What is blind tasting good for? Well, for one thing it’s very good at showing how important knowledge of price, as opposed to price itself, is as a contributing factor to a wine’s perceived quality. If you know that a wine you’re drinking is expensive, you’ll probably like it much more. If you’re deceived into thinking that a wine is expensive (if someone poured Yellowtail into a Lafite bottle, say) you’ll like that much more, too. And if someone poured Lafite into a colorful screw-top bottle, you’d like it less.
When I say, then, that in wine there’s no correlation between price and quality, what I mean is that there’s no correlation between price and quality except for in the 99% of cases where in fact the correlation is very strong — the cases when you know, more or less, how expensive the wine you’re drinking is.
I’m trying to train myself out of that ingrained mindset, by drinking quite a lot of cheap wine and buying large quantities of the good stuff.
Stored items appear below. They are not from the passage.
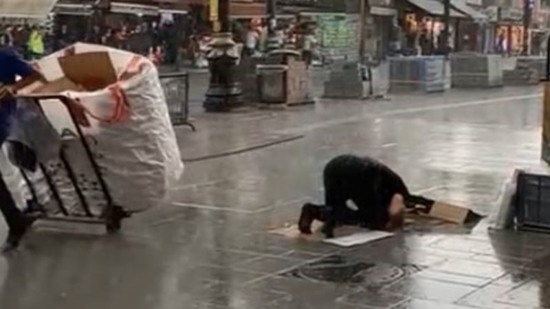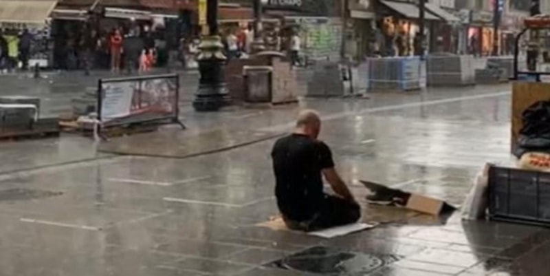 Fatih Beyazıt’ta cuma namazı için cami avlusunda bir vatandaş sağanak yağmura aldırış etmeden namaz kılmaya devam etti.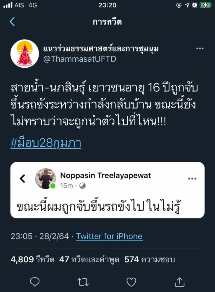 สายน้ำ-นภสินธุ์ เยาวชนอายุ 16 ปีถูกจับขึ้นรถขังระหว่างกำลังกลับบ้าน ขณะนี้ยังไม่ทราบว่าจะถูกนำตัวไปที่ไหน!!!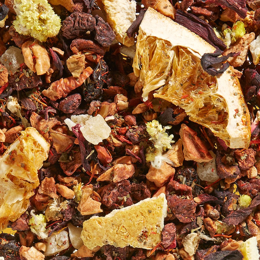 De blend is niet alleen een smaakbeleving, maar ook een lust voor het oog dankzij ingrediënten zoals hibiscusbloesem, saffloer en sinaasappelschijfjes, die doen denken aan een warme zomerzonsondergang.

And there really is a lot of good cheap wine out there. But I know that I do still have the same prejudices as everybody else, no matter how much I write about negative price-quality correlations. If I open a cheap bottle and I don’t think much of it at first, I’ll assume it’s not very good. On the other hand, if I open an expensive bottle and I don’t think much of it at first, I’ll let it breathe, I’ll revisit it later, I’ll try to see if I can discern some subtlety and sophistication which might not have been immediately apparent. And if I look hard enough, I’ll probably find it.

Also of note: In 2010, Salmon wrote a great post on how he structures his at-home wine tasting events. I've been wanting to host something similar for a while, and will definitely be taking his format notes into consideration.